At the heart of the crisis is the socialist economy the grand old party burdened the country with in its many terms—both in the pre-liberalization era and in the 10 years (2004-14) when it was in office heading the United Progressive Alliance. Of course, the Narendra Modi government has not done well on the economic front, primarily because of its obsession with statism and the ineptitude first of Arun Jaitley and then, even more so, of Nirmala Sitharaman. The root-cause, however, remains socialism; the ruling dispensation may have proved to be incompetent doctors, but the poison that ails the body-economic was injected by the successive Congress regimes.

Former Finance Minister P. Chidambaram’s impudence is astonishing: “Even after seven months into the fiscal year, the BJP government believes that the problems faced by the economy are cyclical. The government is wrong. It is wrong because it is clueless. It is unable to look for the obvious clues because it is stubborn and mulish in defending its catastrophic mistakes like demonetisation, flawed GST, tax terrorism, regulatory overkill, protectionism, and centralised control of decision-making in the PMO.”

Look who’s talking! And how! Here is the man under whose charge tax terrorism and stifling regulation thrived, and cronyism boomed—and he has the gumption to lecture the government on economy.

Chidambaram accuses the Modi government of being “stubborn and mulish”, but he has never been known as the paragon of humility and virtue. In fact, he is being tried on charges of financial fraud, the charges because of which he had to spend three and a half months in prison. Yet, he pontificates on everything from the GDP to Kashmir with the deportment of a saint. The guy certainly has the cheek.

Chidambaram actually began tax terrorism. In September 2004, the government lost a 15-year-old excise case in the Supreme Court against ITC. The sum involved was over Rs 800 crore. For some reason, he wanted to teach the ITC bosses a lesson. Therefore, disregarding the highest court of the land, he got the pertinent excise notification amended retrospectively to validate the levy of the duty. So much for his regard for the rule of law!

Then there is former Prime Minister Manmohan Singh who didn’t say much when he was at the helm of affairs for 10 long, painful years; indeed he didn’t have much say in the important issues of the day. He primarily carried out orders given to him by Sonia Gandhi, who was the empress in that period. It was the upside down version of the Westminster model: the empress ruled without reigning, but that’s another story.

He was so meek that Modi, campaigning against Singh before the 2014 poll, used to call him “Maunmohan” Singh. In the Opposition, however, Singh has been exercising his right to freedom of expression with remarkable vigour. In a recent newspaper article, he wrote, “Bankers are reluctant to make new loans, for fear of retribution. Entrepreneurs are hesitant to put up fresh projects, for fear of failure attributed to ulterior motives. Technology start-ups, an important new engine of economic growth and jobs, seem to live under a shadow of constant surveillance and deep suspicion.”

Correct, but Modi and Home Minister Amit Shah didn’t invent “retribution”; it was used with impunity by the UPA government.

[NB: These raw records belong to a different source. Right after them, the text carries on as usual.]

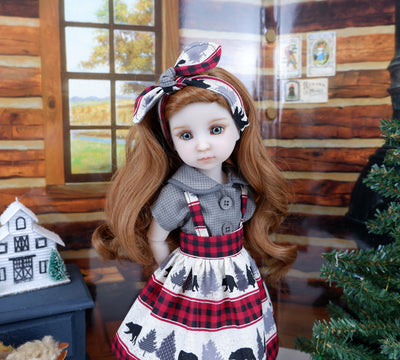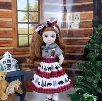 This charming ensemble will be a perfect addition to your Ruby Red Fashion Friend's wardrobe for this winter. The blouse is made of a pretty grey square print cotton. The blouse features cap sleeves and a buster brown collar trimmed with grey piping. The blouse fastens down the front with buttons. The adorable jumper is made of a cute striped bear silhouette among grey trees and strips of burgundy and black buffalo check cotton. The skirt features straps that attach at the waist. The skirt fastens with a button covered snap at the waist band. Add the matching headband for a hair accessory. The retro style knot headband is made of bear and square print cottons and features elastic behind the neck for easy styling.
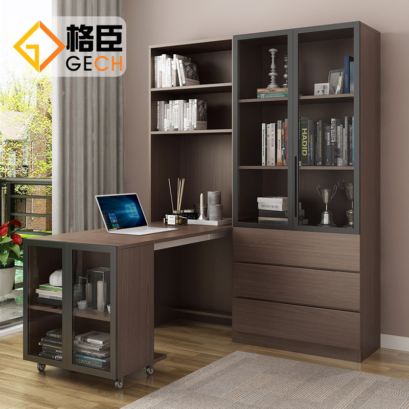 Desk and bookshelf combination home space saving computer desk multifunctional folding telescopic writing study desk
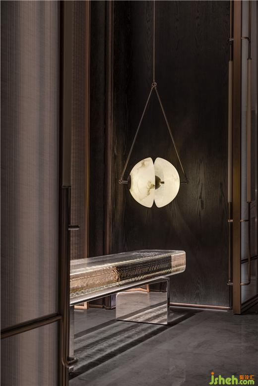 玄關(guān)似一座水晶宮殿,以四面通高的玻璃門,將內(nèi)、外朦朧劃分,渲染秘境之感。每組門的開合轉(zhuǎn)換,可實現(xiàn)不同功能區(qū)的劃分。北京半山別墅設(shè)計圍繞此而設(shè)的隱藏式儲物柜,旨在滿足居者不斷增長的收納需求。金屬網(wǎng)勾勒出旋轉(zhuǎn)而上的樓梯輪廓,令人心向往之。

The Modi-Shah duo is accused of undermining institutions, but didn’t you yourself undermine the very institution of Prime Minister, Dr Singh? And what did other top Congress leaders, beginning with Indira Gandhi, do? Didn’t they weaken, or try to weaken, every institution? In the heyday of socialism, there was even talk to have “committed judiciary”—that is, all lal salaam type of judges.

Singh and Chidambaram occupied top offices in the country when the worst features of socialism were revived and economic reforms were not just stopped but practically buried. And now they are slamming the government for the troubles the economy is facing.

Of course, Sitharaman’s incompetence is monumental. The real problem, however, is the policy framework that Singh and Chidambaram have left behind—the poison that the body-economic was injected with.